Here in this section of Operating System Long Questions and Answers,We have listed out some of the important Long Questions with Answers on Shortest Job First (SJF) scheduling algorithms which will help students to answer it correctly in their University Written Exam.Lists of Long Descriptive type Questions that may be asked in Written Exams.
- (1) Explain Shortest Job First (SJF) scheduling algorithms with illustration.
Question-1 Explain Shortest Job First (SJF) scheduling algorithms with illustration.
Selection Criteria:
The process, that requires shortest time to complete execution, is served first.
Decision Mode:
Non preemptive: Once a process is selected, it runs until either it is blocked for an I/O or some event, or it is terminated.
Implementation:
This strategy can be implemented by using sorted FIFO queue.

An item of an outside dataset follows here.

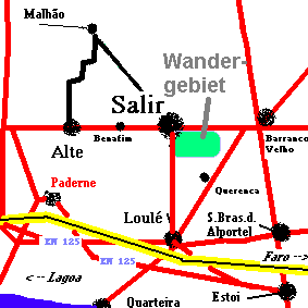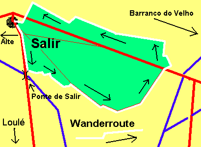 Folgen Sie dann der Hauptstraße ortsauswärts Richtung Loulé. Nach etwa 10 Minuten Fußmarsch taucht im Tal das Schild "Ponte de Salir" auf, davor führt ein breiter Feldweg links ab (der Feldweg ist für die aus Richtung Loule Kommenden mit dem Schild "Pomar" gekennzeichnet). |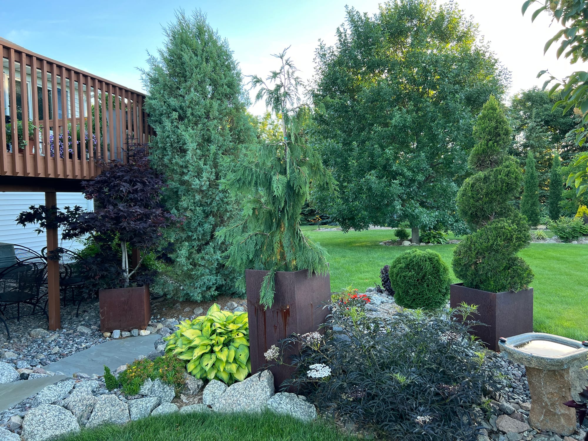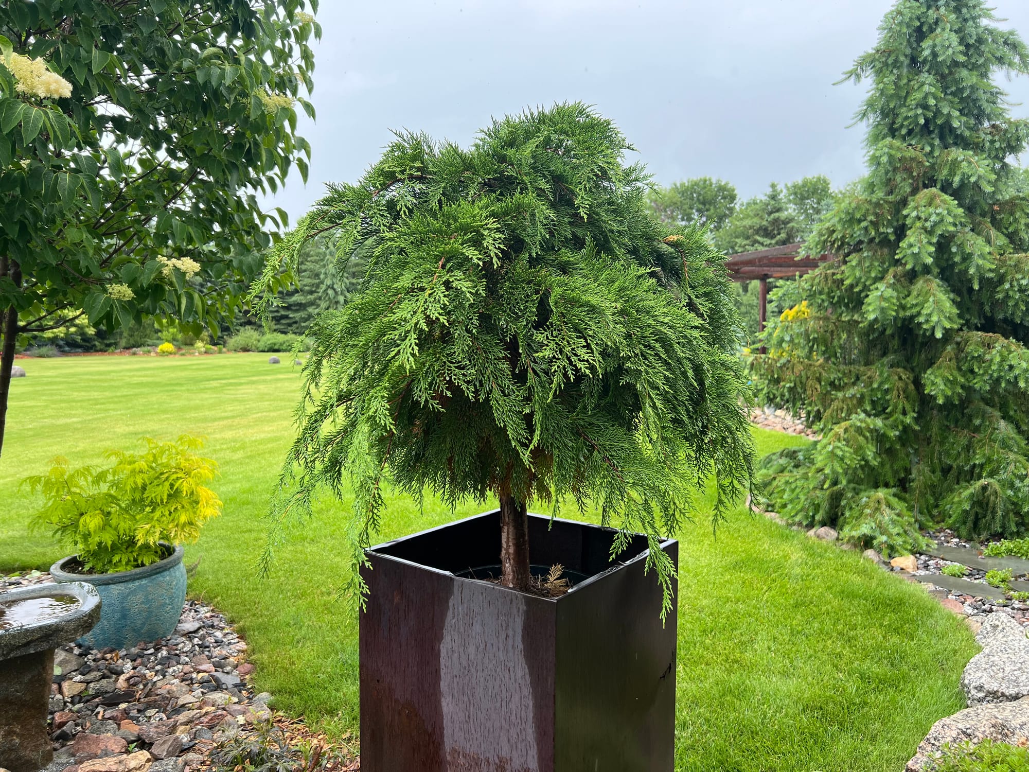 I'm surprised how long this False Cypress has thrived in its original container. I only prune the lower hanging branches each season, keeping this small tree form. I love how it looks in this tall metal container.

All processes in a queue are sorted in ascending order based on their required CPU bursts. When CPU becomes free, a process from the first position in a queue is selected to run.
Example:
Consider the following set of four processes. Their arrival time and time required to complete the execution are given in following table. Consider all time values in milliseconds.
| Process | Arrival Time (T0) | Time required for completion (∆T)(CPU Burst Time) |
| P0 | 0 | 10 |
| P1 | 1 | 6 |
| P2 | 3 | 2 |
| P3 | 5 | 4 |
Gantt chart:
| P0 | P2 | P3 | P1 | |
| 0 | 10 | 12 | 16 | 22 |
Initially only process P0 is present and it is allowed to run. But, when P0 completes, all other processes are present. So, process with shortest CPU burst P2 is selected and allowed to run till it completes. Whenever more than one process is available, such type of decision is taken. This procedure us repeated till all process complete their execution
Statistics:
| Process | Arrival Time(T0) | CPU Burst Time(∆T) | Finish Time(T1) | Turnaround Time(TAT=T1-T0) | Waiting Time (WT=TAT-∆T) |
| P0 | 0 | 10 | 10 | 10 | 0 |
| P1 | 1 | 6 | 22 | 21 | 15 |
| P2 | 3 | 2 | 12 | 9 | 7 |
| P3 | 5 | 4 | 16 | 11 | 7 |
Average Turnaround Time: (10+21+9+11)/4 = 51/4 = 12.75 ms.
Average Waiting Time: (0+15+7+7) / 4 = 29 / 4 = 7.25 ms.
Advantages:
- Less waiting time.
- Good response for short processes.
Disadvantages:
- It is difficult to estimate time required to complete execution.
- Starvation is possible for long process. Long process may wait forever.